▸ **Records**
----

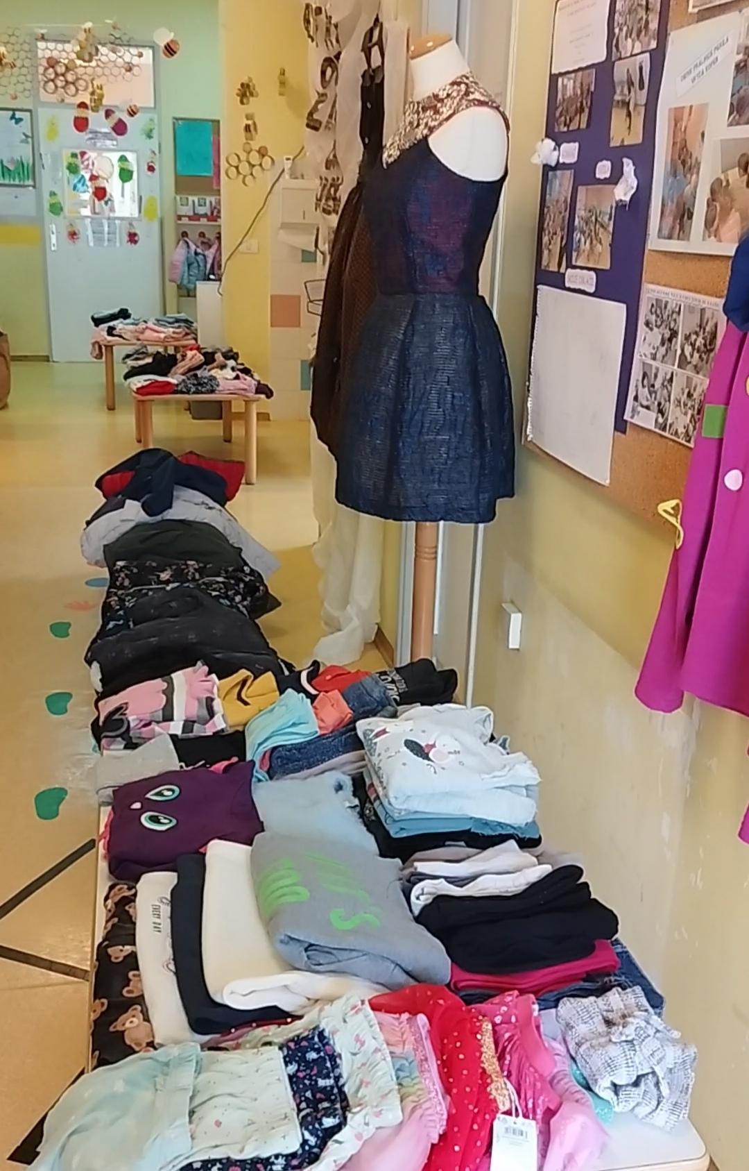 Vrhunec našega projekta je bila izmenjevalnica oblačil. Organizirali smo jo v prostorih vrtca. Otroci so skupaj s starši prinesli oblačila, ki jih ne potrebujejo več in si izbrali nova, ki jih sedaj večkrat oblečejo za v vrtec.
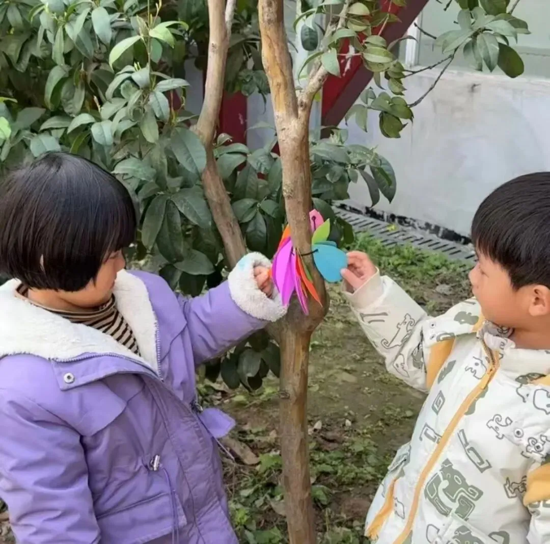 中班的孩子们化身“护绿小萌娃”,在老师的温柔引导下,给小树制作了独一无二的叶子衣服,美丽的色彩,好看的线条,系在一起,送给小树,每一个动作都认真又稚嫩。。
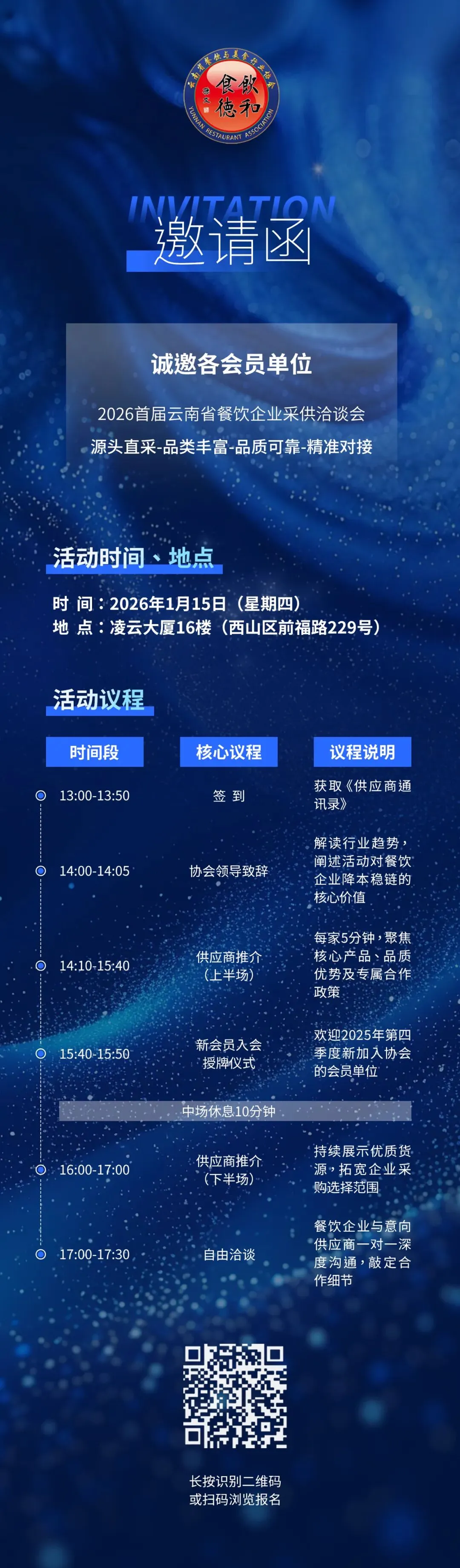 有意向的餐饮企业请于2026年1月12日17点前扫描下方二维码报名。
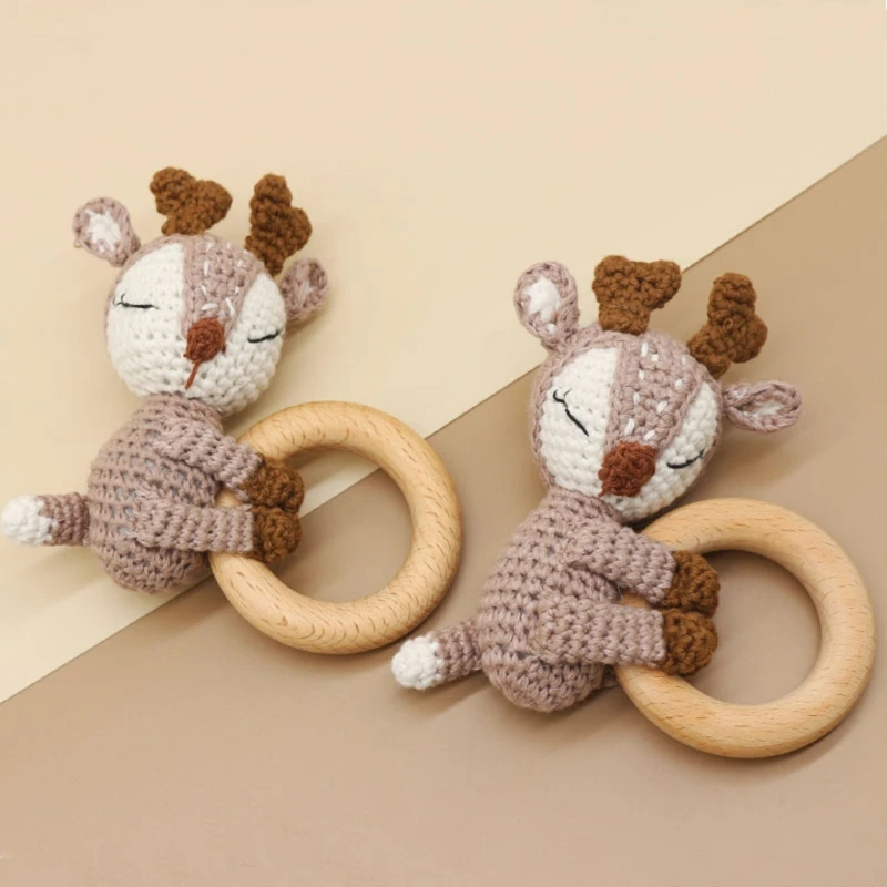 Детское деревянное кольцо для прорезывания зубов, сделай сам, вязаное крючком, животное, олень, лось, погремушка, браслет, Прорезыватель зубов для младенцев, соска для ухода за зубами, молярные игрушки
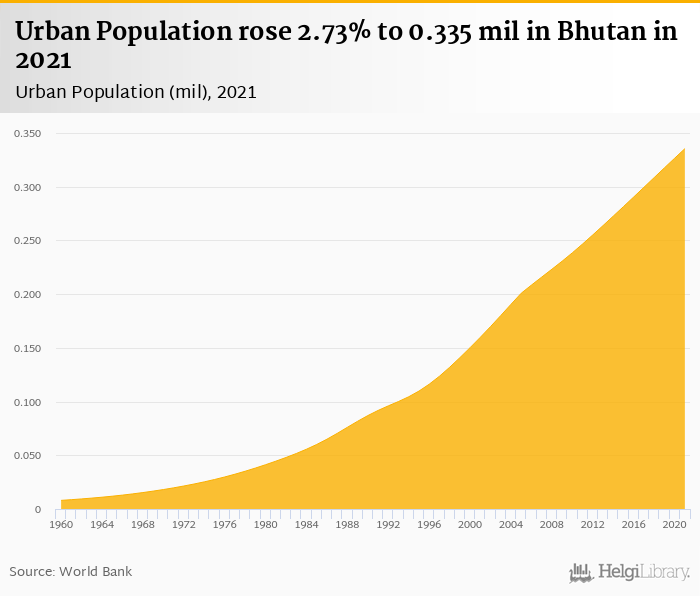 Urban population rose 2.73% to 0.335 mil in Bhutan in 2021, according to the National Statistical Office.
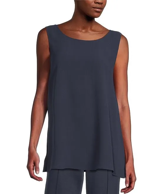 Silk Georgette Crepe Boat Neck Sleeveless Tunic
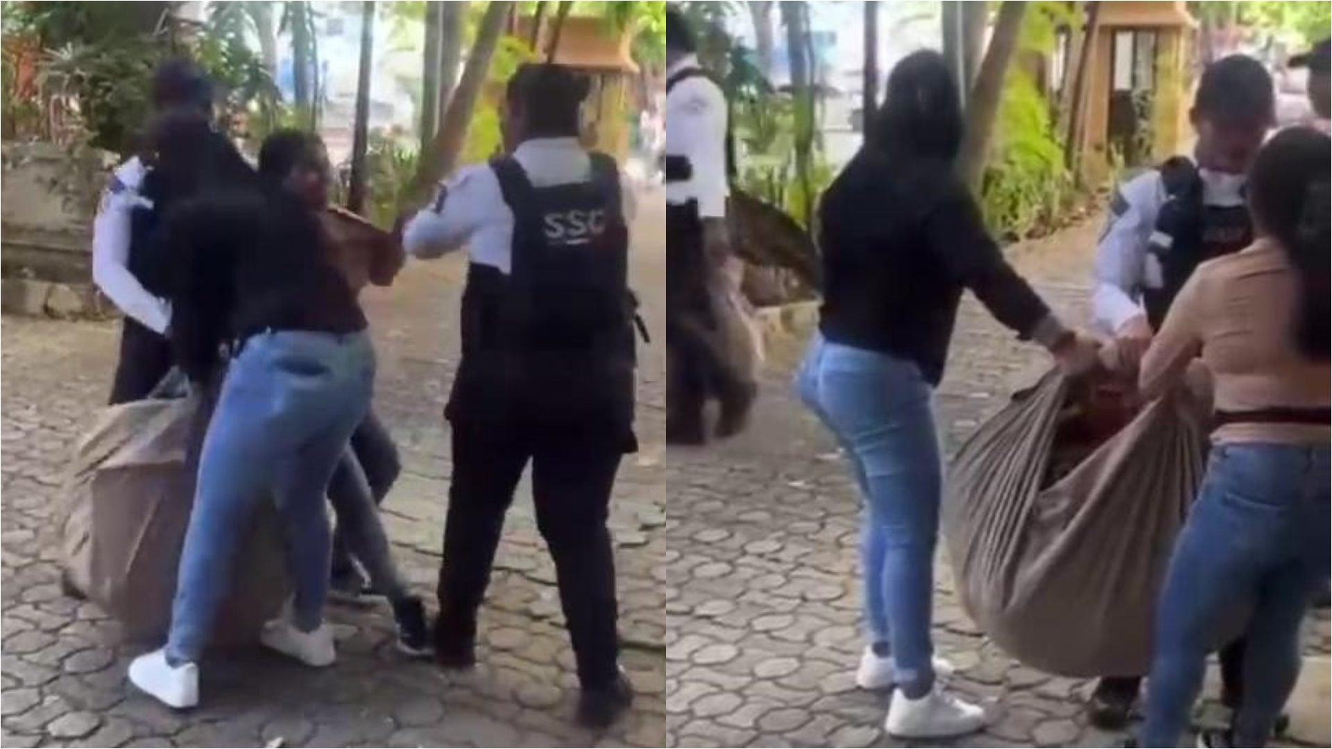 De acuerdo con un video difundido en redes sociales, se observa el momento en que inspectores y elementos policiacos decomisaron los productos a una mujer que se dedicaba a la venta informal.

----

▸ **Exercise objective**
Find the line that contains "Silk Georgette Crepe". Copy it and every line after it through the end of the listing exactly, but not the pictures.

▸ **Answer area**
 Silk Georgette Crepe Boat Neck Sleeveless Tunic
 De acuerdo con un video difundido en redes sociales, se observa el momento en que inspectores y elementos policiacos decomisaron los productos a una mujer que se dedicaba a la venta informal.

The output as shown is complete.